Santa Fe Trail Historical Park, also called Pioneer Park, is located on the bank of the Rio Hondo River in El Monte, California. The location was designated a California Historic Landmark (No. 975) on Aug. 13, 1987. This was originally an encampment on the Old Spanish Trail. The Old Spanish Trail was an extension of the trail from Missouri to Santa Fe, New Mexico. The Gila River trail also ended in El Monte.
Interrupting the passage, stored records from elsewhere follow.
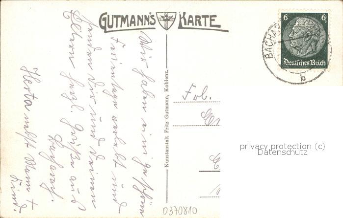71510370 alte Postkarte Bacharach Rhein Ortsblick postalisch gelaufen Erhaltung siehe scans KatCode: 11110007339003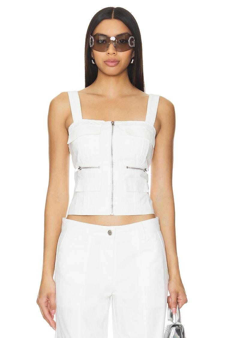 Clean lines and a crisp white cotton blend define this fitted cropped corset top, featuring a square neckline and wide straps for a modern edge. The front zipper closure and exposed silver zippers add subtle utilitarian flair, while the lightweight twill fabric ensures comfort and breathability. Perfectly suited for casual outings, streetwear looks, or brunch dates, this versatile piece brings a sharp, contemporary silhouette to your warm-weather wardrobe.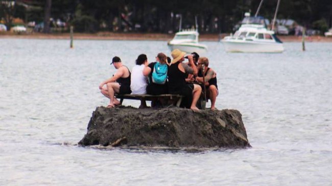 Запрет на употребление алкоголя в общественных местах действует на территории всего полуострова Коромандел на протяжении всего празднования Нового года, а нарушителей штрафуют на сумму до 250 долларов. Полиция, конечно, патрулировала полуостров в целях поддержания порядка, но ничего не могла поделать с группой молодых людей, которые употребляли алкоголь на крошечном островке, построенном ими совсем недалеко от берега в городе Уангамата (Whangamata).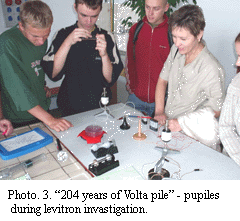 "204 years of Volta's pile" reconstructs history of discoveries and principles of work of electricity sources, which beginning at Volta coins pile and ends at liquid hydrogen "fuel" pile. It is a proposition for secondary school teachers how in non expensive and easy way enrich school laboratory with new demonstrations illustrating electrostatics phenomena, work principles of galvanic and photovoltaic piles. During the Congress an about 4000 people have visited exhibitions. |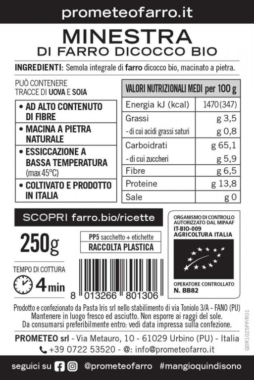 INGREDIENTI *semola integrale di farro dicocco macinata a pietra. (*) ingrediente biologico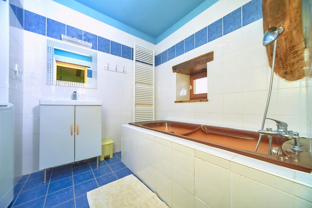 À demi-étage, se situe la salle de bain avec baignoire, WC et lave linge.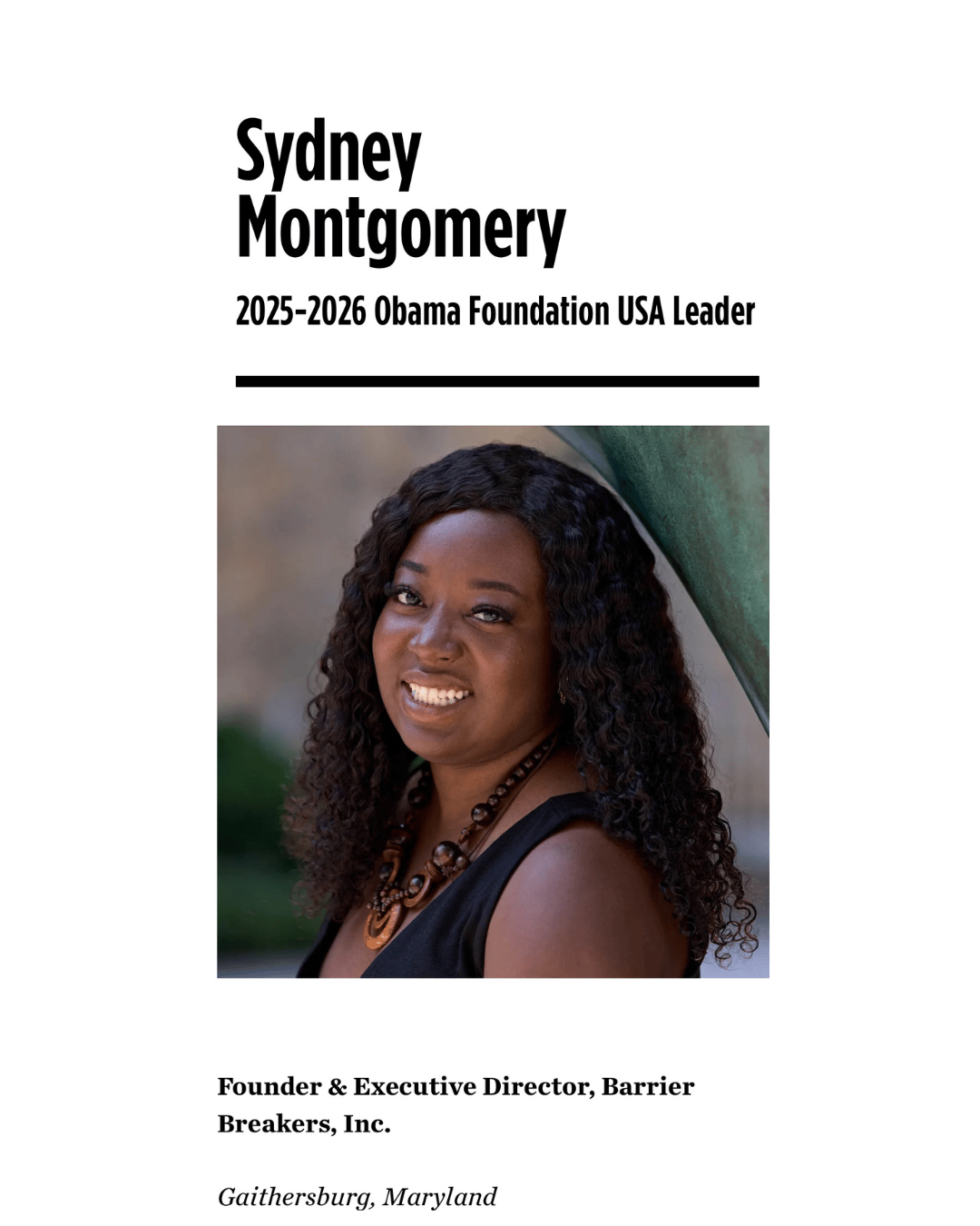 This fall, our Founder & Executive Director, Sydney Montgomery, was selected as an Obama Foundation USA Leader for the 2025–2026 cohort. This prestigious program identifies changemakers across the country who are working to strengthen communities, expand equity, and reimagine opportunity.

By the 1850s, those in El Monte started to call the town the `End of the Santa Fe Trail." This claim is disputed by some, such as the Santa Fe in New Mexico.  In the 1800s permanent settlements were established by immigrants from Texas and Arkansas, the first settlement in Southern California founded by citizens of the United States.  
The state marker for the Santa Fe Trail Historical Park is located at 3564 Santa Anita Ave, El Monte, CA 91731. The City of El Monte held a ceremony to dedicate the Santa Fe Trail Historical Park on June 2, 1989.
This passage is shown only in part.